[Records contained in a dataset]
-------

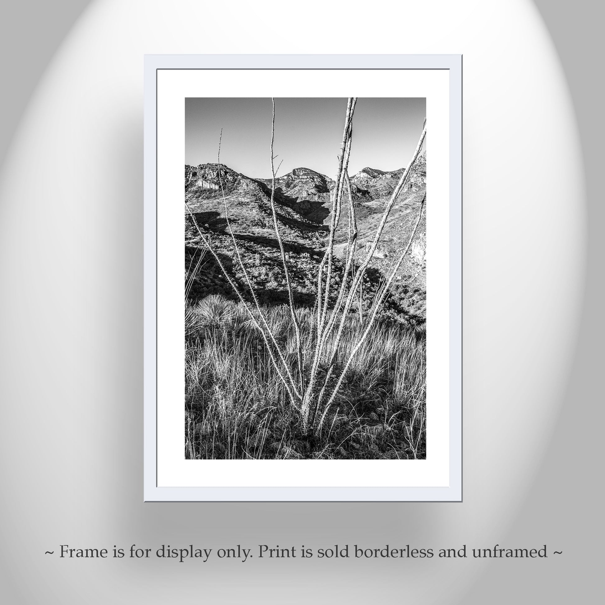 Ramanote Canyon Black and White Arizona Landscape Art with Ocotillo
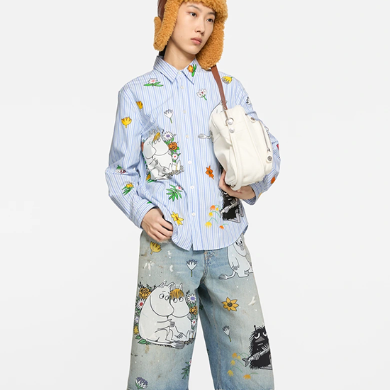 Tove Janssonの理想郷的なビジョンに共感し続けてきた<Acne Studios>は、2024年11月にムーミンと初めてコラボレーションを行った。1930年代後半に誕生したMoominsは、1945年に『The Moomins and the Great Flood小さなトロールと大きな洪水(小さなトロールと大きな洪水)』としてスウェーデン語で出版されて以来、60か国以上の言語に翻訳され、テレビシリーズや映画化もされているなど、平和、寛容、友情といった価値観を体現する存在として世界中で愛され続けている。
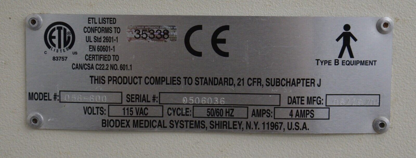 DISCLAIMER: Regardless of the origin of the equipment, documentation provided or identification appearing upon the equipment, the equipment described and offered here is in no way certified for, recommended for, or offered for any specific use. The purchaser agrees that the seller shall not be held responsible or liable for any injuries or damages, whether incidental or consequential, associated in any way with the equipment. The purchaser, by bidding on this equipment, indicates their acknowledgment of, and agreement to the terms of this disclaimer.
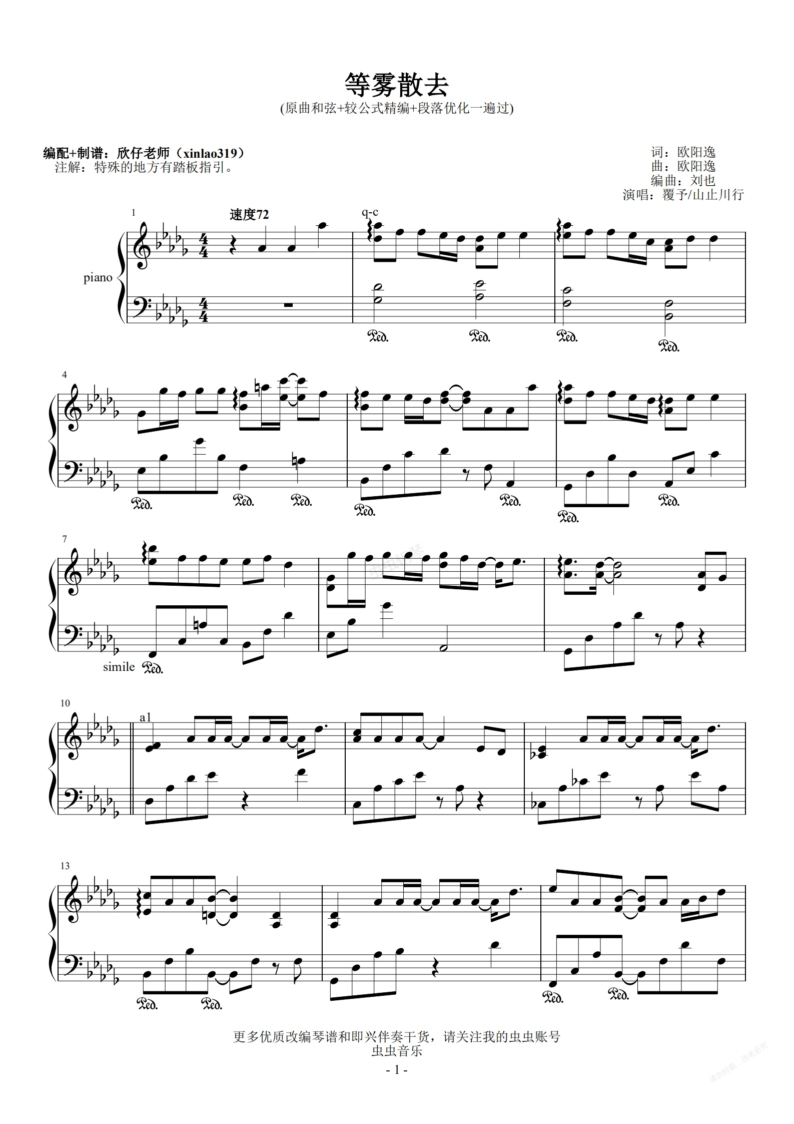 钢琴谱:升C-覆予/山止川行《等雾散去》(原曲和弦+较公式简化+一遍过)
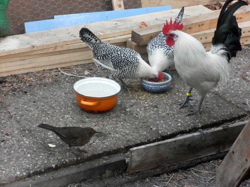 When I feed Arnold's chickens in the morning a blackbird joins for breakfast everyday.
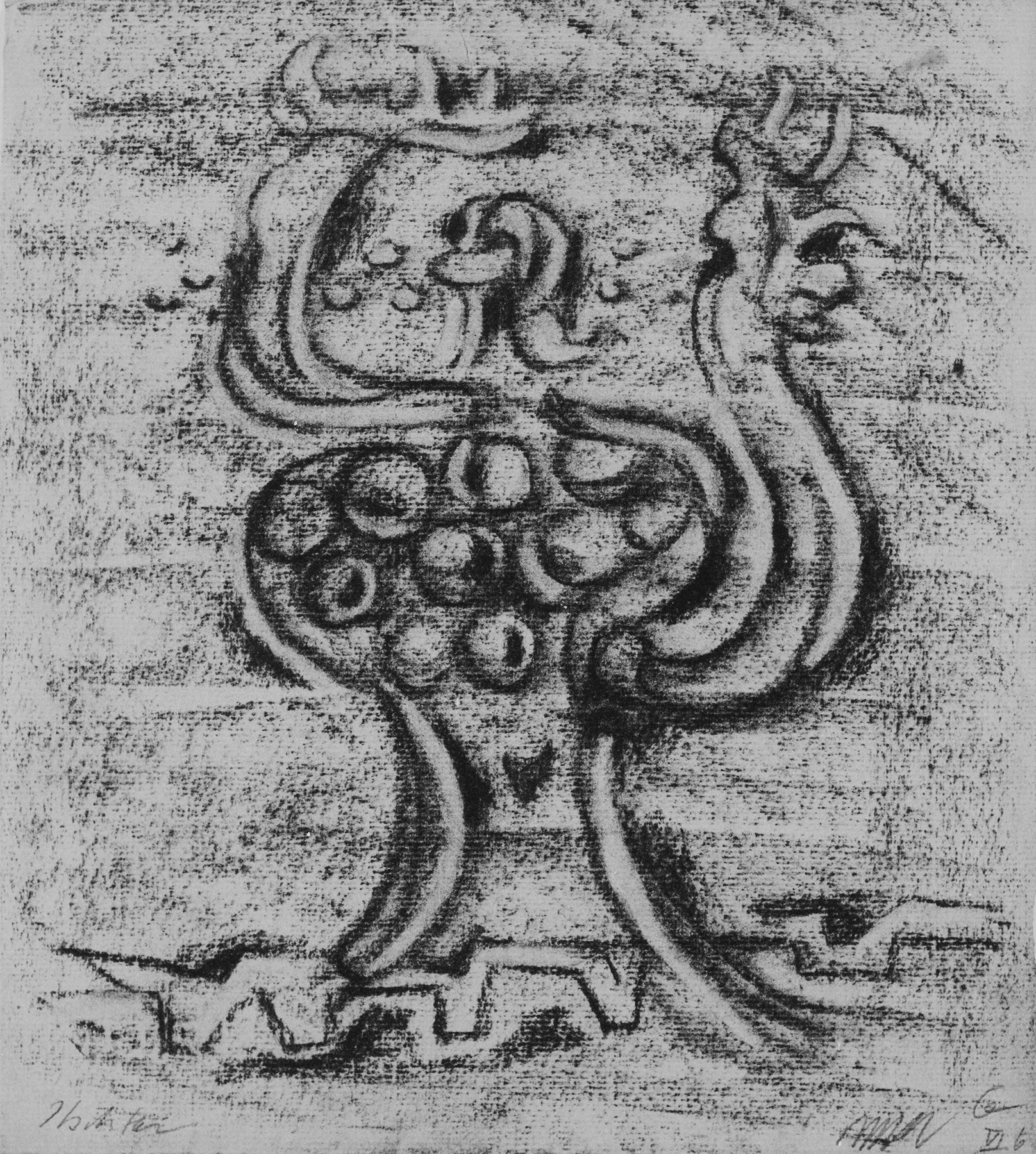 Kohle, gewischt, radiert, fixiert, auf beigefarbigem, Rand l. und o. unregelmäßig abgetrenntem Ingres-Bütten mit Wz. l. u.: INGRES
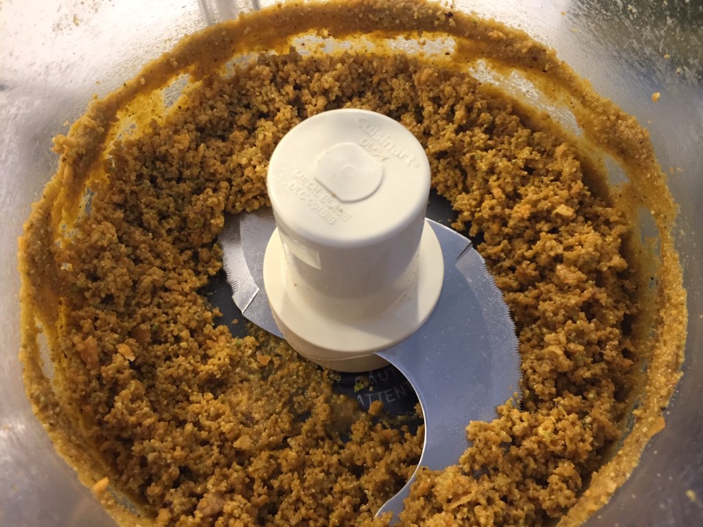Grind/crush/crumble pistachios and crackers until desired texture and mix them.
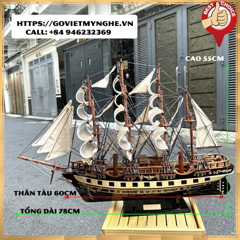 + Kích thước: Thân tàu dài 60cm/ Kích thước tổng thể: Dài 78 cm x Rộng 20 cm x Cao 55 cm

-------

#### WHAT TO PRODUCE:
Word for word, repeat the lines above from the one with "DISCLAIMER: Regardless of" through the one with "Kohle, gewischt, radiert, fixiert, auf", and nothing beyond them. Omit the pictures.

#### ANSWER TO THIS TASK:
 DISCLAIMER: Regardless of the origin of the equipment, documentation provided or identification appearing upon the equipment, the equipment described and offered here is in no way certified for, recommended for, or offered for any specific use. The purchaser agrees that the seller shall not be held responsible or liable for any injuries or damages, whether incidental or consequential, associated in any way with the equipment. The purchaser, by bidding on this equipment, indicates their acknowledgment of, and agreement to the terms of this disclaimer.
 钢琴谱:升C-覆予/山止川行《等雾散去》(原曲和弦+较公式简化+一遍过)
 When I feed Arnold's chickens in the morning a blackbird joins for breakfast everyday.
 Kohle, gewischt, radiert, fixiert, auf beigefarbigem, Rand l. und o. unregelmäßig abgetrenntem Ingres-Bütten mit Wz. l. u.: INGRES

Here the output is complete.